А Петру Васильевичу вдруг представилась на ее месте другая женщина, много лучше и моложе, в другие, куда более строгие и тревожные времена, сидевшая вот так же прямо против него в служебном купе поезда, который он тогда сопровождал.
Только была ночь и было лето.
Забившись в дальний угол, Мария, подобранная им в Епифани по просьбе знакомого путейца, доводившегося ей дядей, не мигая, и даже как бы с вызовом смотрела в его сторону и молчала. Молчал и обер. Привыкнув разговаривать с такого рода пассажирами в тоне грубоватого покровительства, он неожиданно для себя робел перед нею и смущался. Что-то увиделось обер-кондуктору в этой неказистой с виду девахе, отчего ему всякий раз, едва он вознамеривался взять былой тон, перехватывало дыхание.

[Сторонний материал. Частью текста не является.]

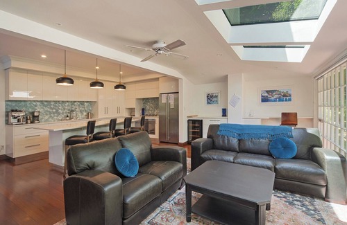 Nestled amidst its own enchanting English gardens, this holiday home is set in a vast private park-like setting. Positioned on the elevated southern slopes of the city, the property basks in the warmth of the sun all day, providing a perfect setting for relaxation.

Первые слова вымолвил, будто гору одолел:
- Узловские сами?
Она ответила коротко, но с готовностью:
- Не, мы с шахты.
- Сычевские, значит?
- Они самые.
- В гостях были?
- Не, по хозяйству. - И тут же пояснила: - Тетя Груша приболела, дом присмотреть некому, а нынче встала, вот я и к себе… Смерть соскучилась…
- Скоро будем.
- Скорей бы.
- Много ль вас дома-то?
- Окромя меня, пятеро. Мать с отцом и сестер трое.
- Нелегко отцу-то?
- Нелегко.
В их разговоре, во внешней его обыденности таился еще и другой, понятный только для них двоих смысл, где каждое слово имело свое сокровенное, понятное только им значение. Стремительно и властно ее и его захватывало предчувствие неотвратимости этой встречи и поэтому, чем ближе и устойчивее становились огоньки Узловска в заоконной темени, тем трепетнее и тише звучали их голоса…
- Весело у вас в Сычевке…
- Уж там и веселье: выпьют парни да куражатся.
- Узловские наши ходят?
- Не, стерегутся.
- Что так?
- Не привечают их у нас ребята…
- Чем же не пришлось?
- Чисто ходите… И другое, разное…
- А коли не побояться?
- Попытайте долю…
Первый станционный фонарь раздвинул ночь впереди, и, победно возликовавший было обер, впервые, пожалуй, за недолгую свою службу подосадовал столь скорому прибытию:
- Значит, не прогоните?
- У нас места всем хватит, - скокетничала непонятливостью она. - И девки наши не хуже узловских.
- А мне всех и не надо…
И он, наверное, не выдержал бы, выложил ей все, что вдруг так внезапно и жарко заполнило его душу, но поезд, в последний раз дрогнув, замер. Мария поднялась, прошелестела мимо него к выходу, откуда молча поклонилась ему, и тут же исчезла в проходе.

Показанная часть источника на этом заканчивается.